Melbourne is surrounded by a highly productive foodbowl that is important to the food supply of this rapidly growing city.
Previous generations have managed the resources of the city’s hinterland to maintain the capacity of the land, waterways and ecosystems to feed the city’s residents.
However, rapid and continuing growth since the Second World War has threatened the capacity of Melbourne’s hinterland to feed the city.
In the early 1970s, city planners acted to protect the open spaces and natural resources of Melbourne’s hinterland, creating the city’s green wedges.
This vision was reaffirmed 30 years later with the introduction of legislation to formalise and strengthen the green wedges, and the city’s urban growth boundary was created.
These important steps preserved some of the most productive farmland in the state and maintained a source of fresh, high quality foods close to the city that contribute to the city’s liveability and support its reputation as a great city of food.

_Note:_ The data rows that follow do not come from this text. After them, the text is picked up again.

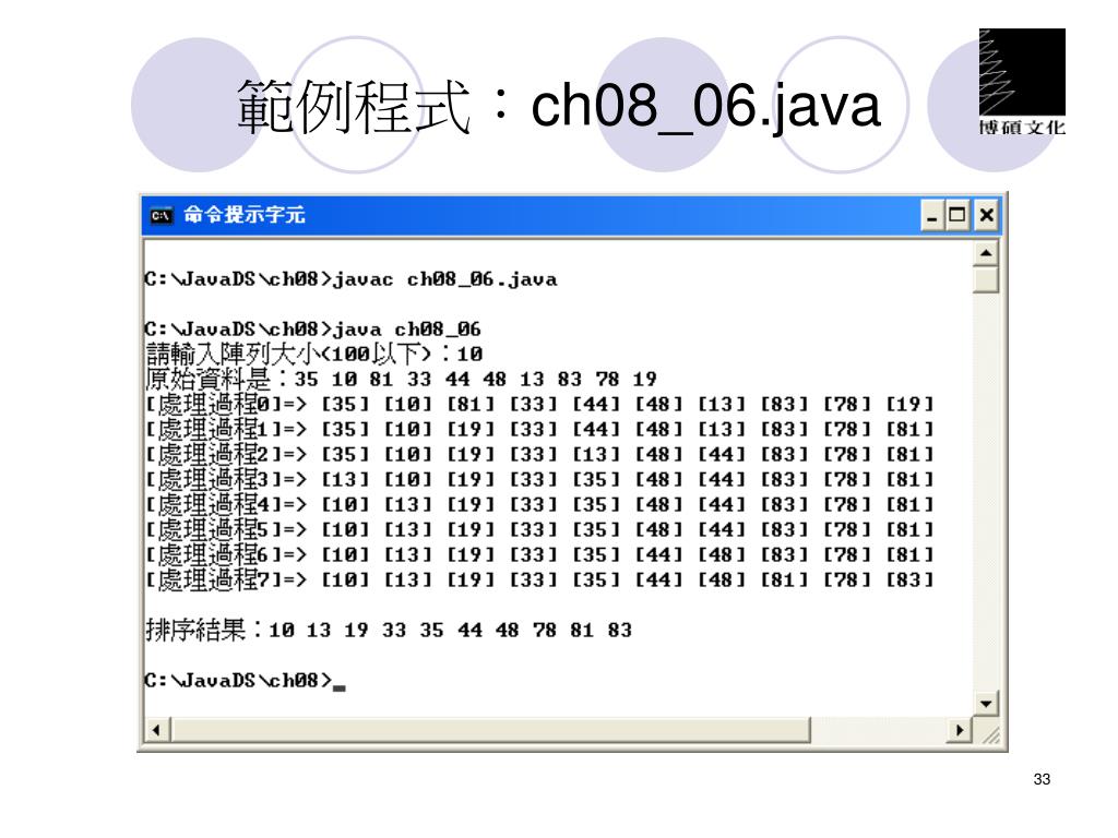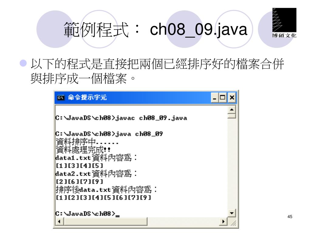 範例程式: ch08_09.java • 以下的程式是直接把兩個已經排序好的檔案合併與排序成一個檔案。
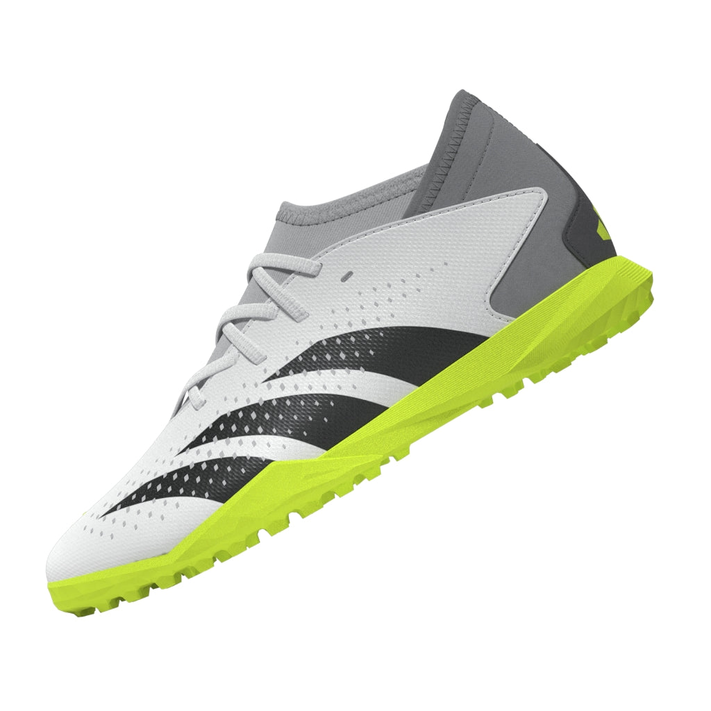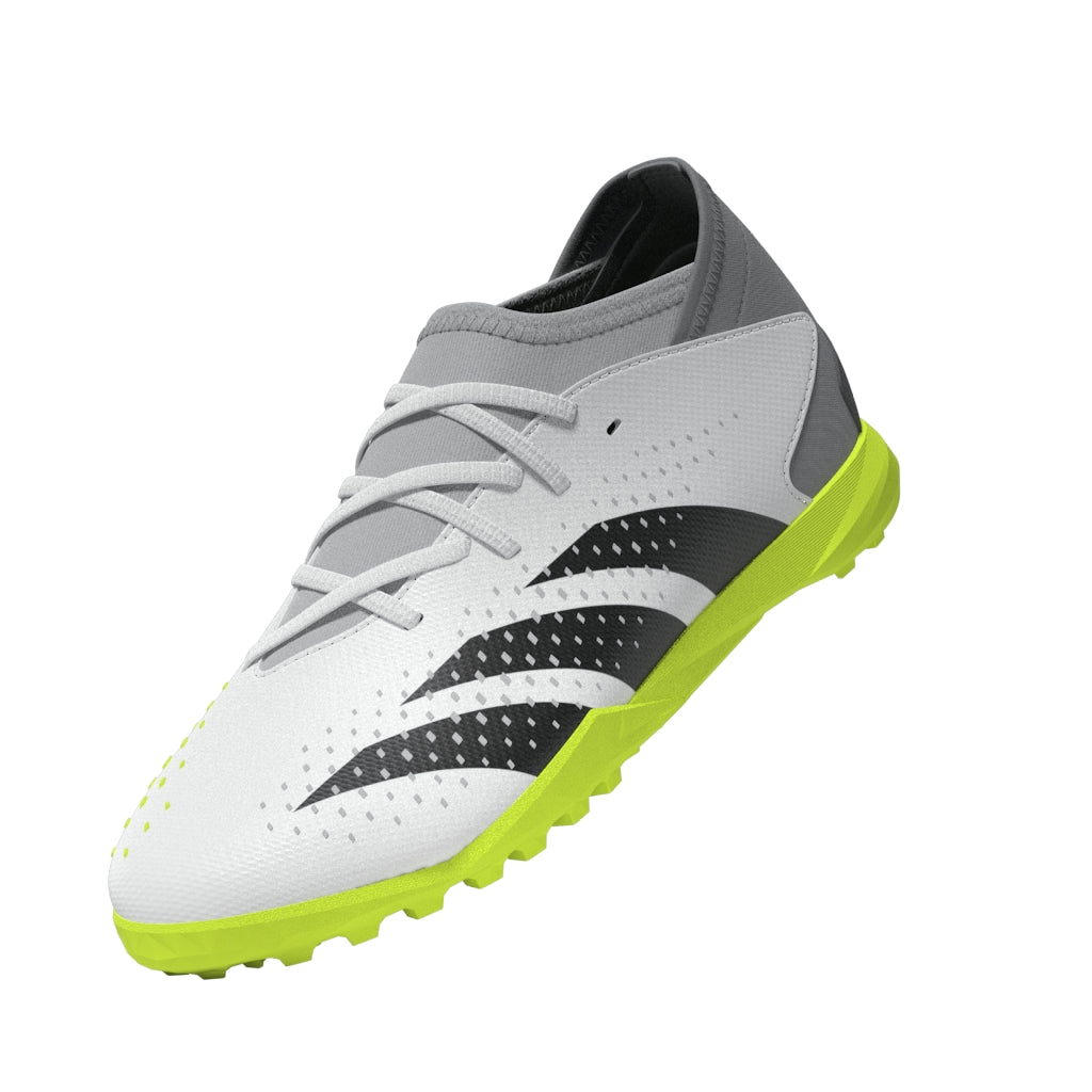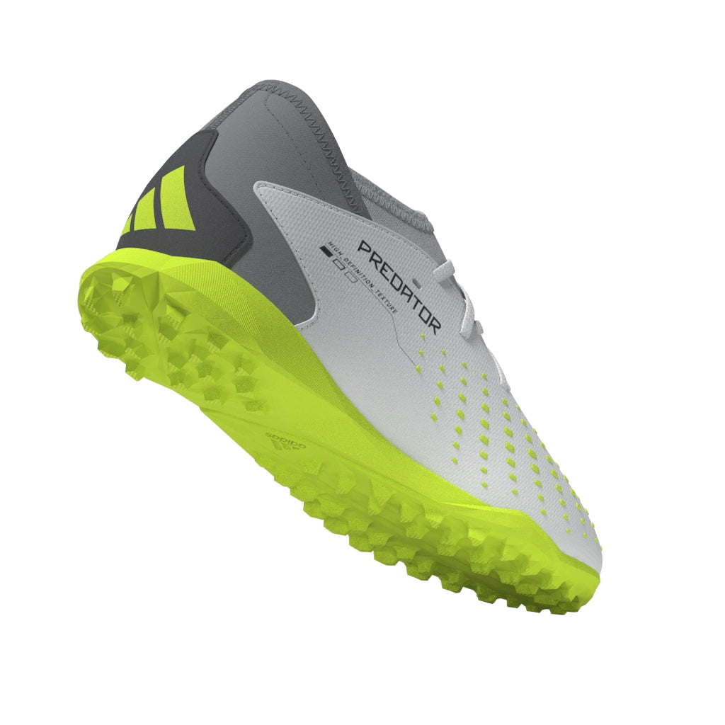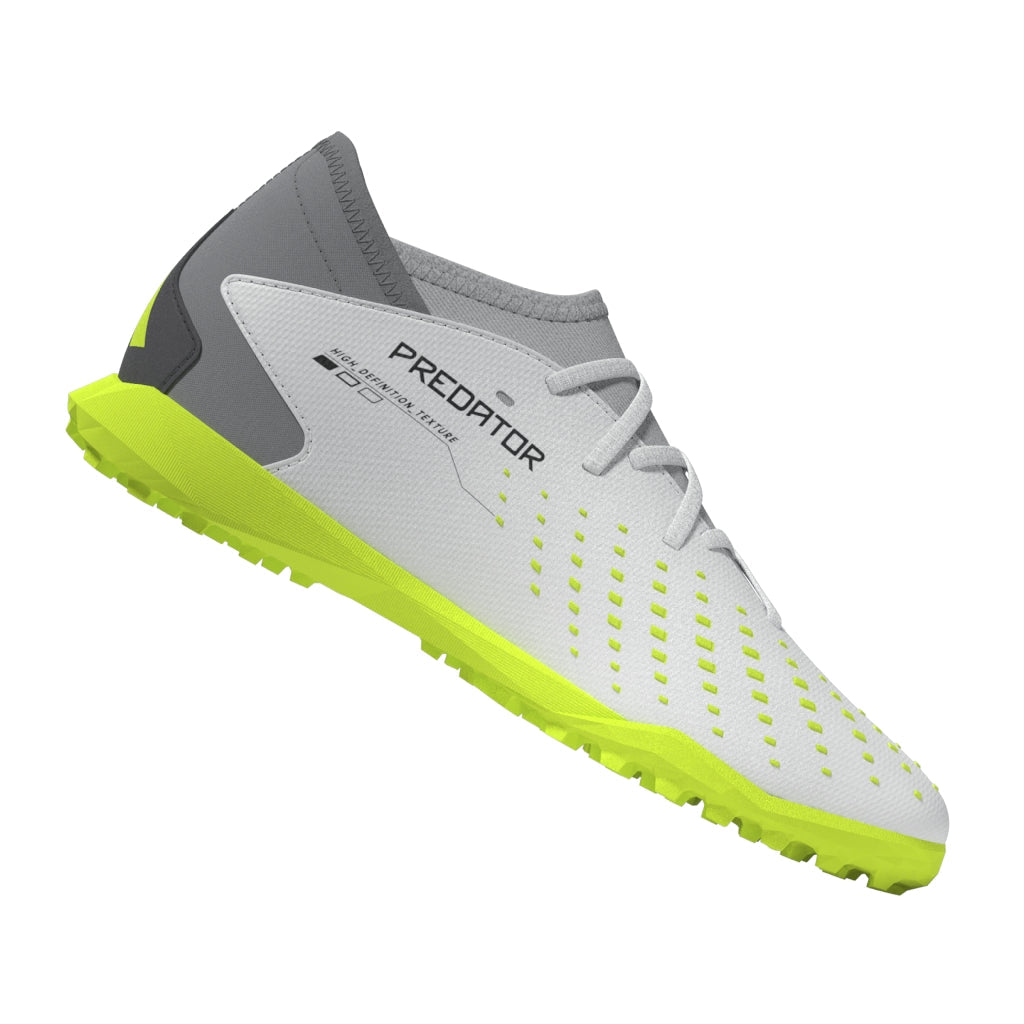 Features/Benefits: Top corner. Bottom corner. All the corners. adidas Predator Accuracy is crafted for goalscoring, so you know the ball will find the net. The fun's in choosing how it gets there. These juniors' soccer shoes have a soft synthetic forefoot that's covered in High Definition Texture for added grip on the ball. Underneath, a lug rubber outsole ensures you dominate on artificial turf courts.
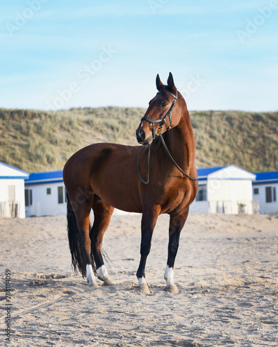 Royal Dutch Sport Horse on the beach of Katwijk with little houses on the background

A recent report by staff in the Faculty of Veterinary and Agricultural Sciences at the University of Melbourne identifies the policy challenges that need to be addressed to strengthen Melbourne’s foodbowl and the opportunities that could be leveraged, focusing on three key policy issues: protecting farmland, strengthening the viability of farming and increasing water access.
The report finds that the planning legacy to protect Melbourne’s foodbowl is being put at risk. Multiple expansions of the city’s urban growth boundary since its introduction have led to significant losses of farmland, and the weakening of green wedge regulations has allowed a wider range of land uses in the green wedges, increased land fragmentation and made it more difficult to farm in the region.
This has undermined stakeholder confidence and certainty in the future of Melbourne’s green wedges and peri-urban areas, limiting investment by farmers and government in the region. Concerns about water availability and pressures on farm viability add to the challenges for farmers on Melbourne’s fringe.
Yet the report finds that there are also new opportunities emerging for farming in the region. There is growing interest from consumers in food provenance and sourcing locally grown foods, new opportunities for agri-tourism, and direct sales, and increasing demand for ethical, sustainably-produced foods from smaller scale producers on Melbourne’s fringe.
If these opportunities are to be realised, new policy approaches are needed to secure the future of farming on Melbourne’s fringe and to preserve the legacy of the green wedges, so that future generations can continue to meet some of their food needs from the highly productive foodbowl around the city.